My boyfriend just dumped me, and I am heartbroken. His sole reason was the distance between us. And I get it. It was hard being on different coasts, in different time zones. But I was willing to move out to be with him and give us a try. I told him that the night before he broke up with me.
I’m confused because he seemed so touched by my decision, and we cried together. I thought he was crying out of happiness and the fact that we were making a big commitment. But I realize he was crying because he was about to break my heart.
And, because we’re not physically together, both discussions were over the phone. NOT ideal. Now I don’t know what to do because I had bought a ticket to fly out to surprise him on his birthday, which is in a month. I’d been in cahoots with some of our friends out where he lives, and we were going to surprise him with a small get together.
Do you think I should still go?
Dumped
My answer depends on why he REALLY broke up with you. I don’t think it’s that cut and dry. If he’s lost feelings due to distance, and has started glancing elsewhere, then it’s probably too late and you shouldn’t go. However, if he’s just trying to protect his own emotional and mental health but still loves you and would prefer to be together than not, then you should go. Even if it’s just the last hurrah, an in-person goodbye feels better and gives closure over a phone dump.
Get in touch with your closest friend out there and ask their advice on the situation. You could always just go and spend the weekend with your friends.
My wife recently passed away in a horrifying and tragic accident. She was driving out of town to pick up a puppy she had secured without telling any of us. It was obviously supposed to be a huge surprise, one that we all would have loved.
Unfortunately, the weather was bad, and her car slid on black ice. The car hit a pole hard on the driver’s side and she was instantly killed. When the police arrived, her phone was ringing and they answered to the breeder wondering where my wife was, as she was supposed to arrive an hour earlier.
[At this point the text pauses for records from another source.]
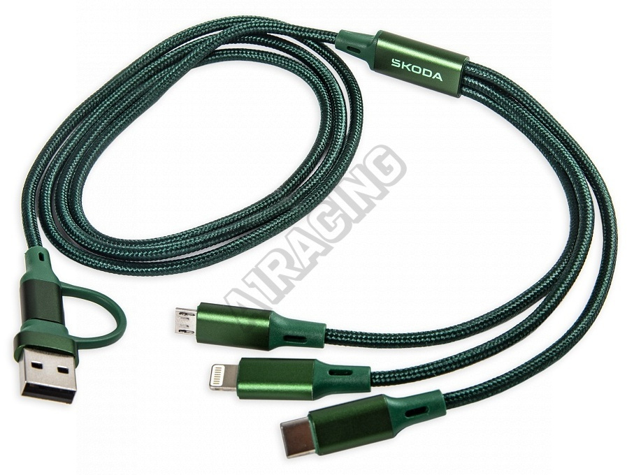 Originální dobíjecí kabel Škoda USB 4 v 1 Originální nabíjecí USB kabel 4 v 1 v nové barvě Emerald
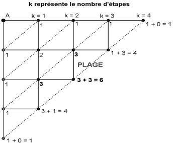 mènent à chaque point de la plage en partant d’un point donné (le sommet A du triangle) en ayant le choix entre deux directions (on peut imaginer que l’on joue à
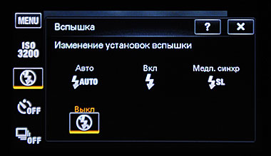 кардридер. На экране, не залезая в меню, можно - управлять работой вспышки; - управлять работой автозапуска; - задействовать серийную съемку; - выбрать режим съёмки; - перейти в режим просмотра фотографий; - перейти в главное меню. ![]()
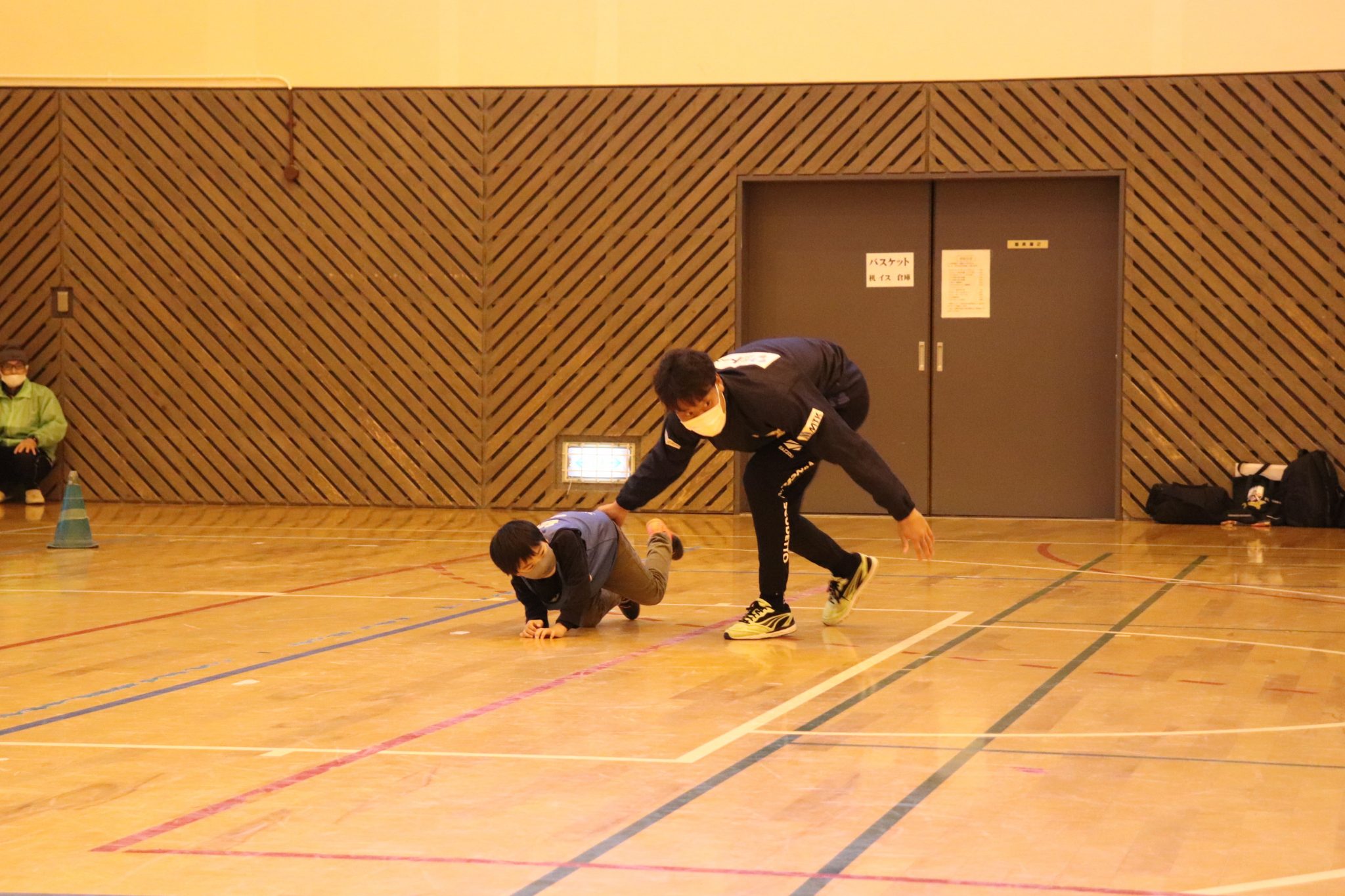 まずは「ウォーミングアップ」を行いました。選手と一緒に鬼ごっこやしっぽとりで楽しく身体を温めました。

Two weeks after she died, the breeder showed up at our door with the pup, a cage, a bag of food, treats, toys, water and food bowls. She also never cashed my wife’s deposit cheque, nor charged us for the pup.
We love our little puppy, and I think it’s very helpful for the children to have something to shower love on, and to get back the kind of love only a puppy can give. I’m thrilled to have her. But every time I look at her, I think of why my wife died. I can’t help it.
How do I get over that? And how do I make sure my kids don’t feel the same way?
Devastated by tragedy
It’s barely been a month since you lost your wife unexpectedly. You haven’t had any time to grieve, especially since you have children to parent and help through their loss, not to mention a new puppy. The latter can be a good distraction, in the moment, and I agree that there’s nothing better than puppy love to soften the heart.
But you and your children would benefit from grief counselling. They’ll need help on navigating life without a mother; you’ll need help on single parenting, on being a widower and on separating life from death.
It’s not the puppy’s fault.
FEEDBACK Regarding horny as hell (Jan. 4):
Reader – “You must be receiving an avalanche of emails regarding ‘Horny as hell.’ I can empathize as I’m in the same boat. My husband has been impotent for over 10 years. He refuses to address the problem. I begged him to try Viagra. The night that he used it was a disaster. I don’t know if he took enough or if he took it in time to take effect, it just didn’t work and I had to take matters in my own hands, so to speak.
“Yes, I have toys to alleviate the desire but, I miss being made love to, I miss the afterglow, but most of all I miss the human touch. So, if you publish this piece and ‘Horny as hell’ reads it and wants my email address, I give you my permission to give it to him. I’m wary about dating sites.”